A PANTHER subfamily can represent more than one MEROPS identifier. For example, if an inhibitory protein contains more than one inhibitor unit, there may be a MEROPS identifier for each unit, but only one PANTHER subfamily accession for the whole protein. For example, PANTHER subfamily PTHR10913:SF45 represents ovoinhibitor, which has seven inhibitor units assigned the MEROPS accessions I01.004 to I01.010. However, there are instances where a PANTHER subfamily accession corresponds to more than one MEROPS identifier, even though there is only one peptidase unit in each of the proteins. This can occur when a gene duplication has preceded speciation, but different characteristics have subsequently evolved. For example, PTHR11533:SF205 corresponds to MEROPS identifiers M01.006 (Ape2 aminopeptidase from fungal mitochondria), M01.007 (Aap1΄ aminopeptidase from fungal cytoplasm), M01.010 (cytosol alanyl aminopeptidase from animal cytoplasm) and M01.015 (aminopeptidase H11 from nematodes, which is a type II membrane protein): the proteins differ in their localization even though the genes are orthologous. If gene duplication occurs after speciation, but only in a limited set of organisms, there may not be enough examples in the PANTHER organism set to establish an identifier. For example, PTHR10201:SF151 corresponds to MEROPS identifiers M10.001 (matrix metallopeptidase-1; MMP1), M10.033 (rodent collagenase-like A peptidase) and M10.034 (rodent collagenase-like B peptidase); the gene duplication of mmp1 is confined to rodents.

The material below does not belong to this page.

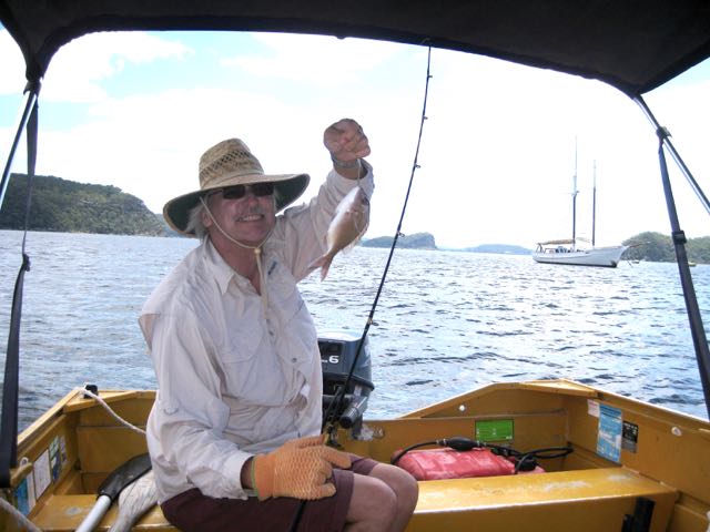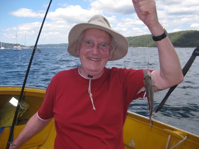 At Martin’s request, today we rented a little boat and went fishing on Pittwater. Fabulous weather – 26 degrees and sunny. We caught lots of fish, all just too small to keep and eat. Martin had a big flathead on the hook (60cm!) but as we tried to get in into the boat it bit through the line and escaped. Bugger! The one that got away.IMG_0855

Identifying new MEROPS holotypes
Because PANTHER may divide a family into subfamilies, and not all subfamilies within a family map to a MEROPS holotype, a sequence from an unmapped PANTHER subfamily could theoretically represent a new MEROPS holotype for an uncharacterized protein. There are 1136 subfamilies from 134 PANTHER families mapped to MEROPS families that are not mapped to MEROPS identifiers. We are investigating the possibility of adding additional model organisms to the MEROPS set from the PANTHER set to enable us to create more holotypes.
Cross-references from MEROPS to the PANTHER website are shown on the family, peptidase and inhibitor summary pages of MEROPS (see Figure 1). Reciprocal cross-references will also appear in the next release of PANTHER.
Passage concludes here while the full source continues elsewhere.